Occorrerebbe ripristinare l'immunità parlamentare dopo aver approvato la separazione delle carriere tra magistrati inquirenti e giudicanti
Un parlamentare, un ministro, un presidente del Consiglio (il ragionamento vale naturalmente anche se declinato al femminile) se volesse interferire con le azioni di un Pubblico ministero potrebbe al massimo fargli il solletico sfogando un po’ di frustrazione sui media rilasciando qualche dichiarazione risentita. Un Pubblico ministero se volesse interferire con le azioni di un parlamentare, un ministro, un presidente del Consiglio potrebbe rovinargli la vita con la sola complicità di un poliziotto o un carabiniere o un finanziere.
Chi fosse affezionato al principio costituzionale della parità dei poteri avrebbe di che riflettere su questa enorme e ormai insopportabile disparità di prerogative. Da una parte una sempre più evidente impotenza, dall’altra una forza di fuoco difficilmente contrastabile. E se resta valido il principio che il potere corrompe e il potere assoluto corrompe assolutamente ci sarebbero molte ragioni per consigliare un riequilibrio nei rapporti tra le principali istituzioni dello Stato restituendo alla politica l’agibilità perduta (anche per colpa propria).
Questa la cornice in cui s’inquadra la discussione tornata in vita di recente sul ripristino dell’immunità per deputati e senatori secondo la volontà dei Padri Fondatori della Repubblica. Un’immunità non abolita come frettolosamente si afferma, ma fiaccata dalla modifica alla Costituzione intervenuta nel 1993 per eliminare l’autorizzazione a procedere e consentire dunque che i parlamentari possano essere processati senza la preventiva autorizzazione della Camera di appartenenza finendo alla mercé degli accusatori.
Tra i giganti dell’Assemblea costituente che tra il 1946 e il 1947 stilarono la Carta che dal 1848 è al fondamento dell’ordinamento giuridico del Paese possiamo ricordare il presidente repubblicano Meuccio Ruini, il comunista Palmiro Togliatti, i democristiani Giuseppe Dossetti e Amintore Fanfani.

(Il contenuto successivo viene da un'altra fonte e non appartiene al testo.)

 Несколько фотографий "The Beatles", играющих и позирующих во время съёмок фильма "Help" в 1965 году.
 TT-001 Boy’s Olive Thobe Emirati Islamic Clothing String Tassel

Avversari in tante battaglie, questi e altri esponenti di spicco dei partiti chiamati a edificare sulle macerie della guerra decisero che i rappresentanti del popolo dovessero godere di una garanzia rafforzata per non essere ricattabili.
Il punto di svolta è Tangentopoli. Messa alle corde da un assalto insolito e massiccio della magistratura, un’intera classe dirigente si fece travolgere da inchieste sommarie rivolte a punire più i costumi che i reati. L’incalzare dell’opinione pubblica che abbracciò con ardore, aizzata dai giornali, la rivoluzione che sembrava dovesse farsi storia portò i pochi sopravvissuti e i molti figuranti che nel frattempo avevano sostituito i caduti sul campo al gesto estremo di mostrare il petto nudo al carnefice di turno semplificandogli il compito.
Quello che è seguito è cronaca di tutti i giorni. E sappiamo che la giustizia – per responsabilità di chi ha abusato di una posizione diventata dominante – si è smarrita nei meandri di lotte intestine e di inchieste finite nel nulla per la loro inconsistenza. In breve è venuta a mancare nel Paese quella fiducia che ne aveva sorretto per tanti anni l’iniziativa. Da qui la possibilità che si torni all’origine sull’immunità parlamentare dopo che sia andata in porto la separazione delle carriere tra magistrati inquirenti e giudicanti.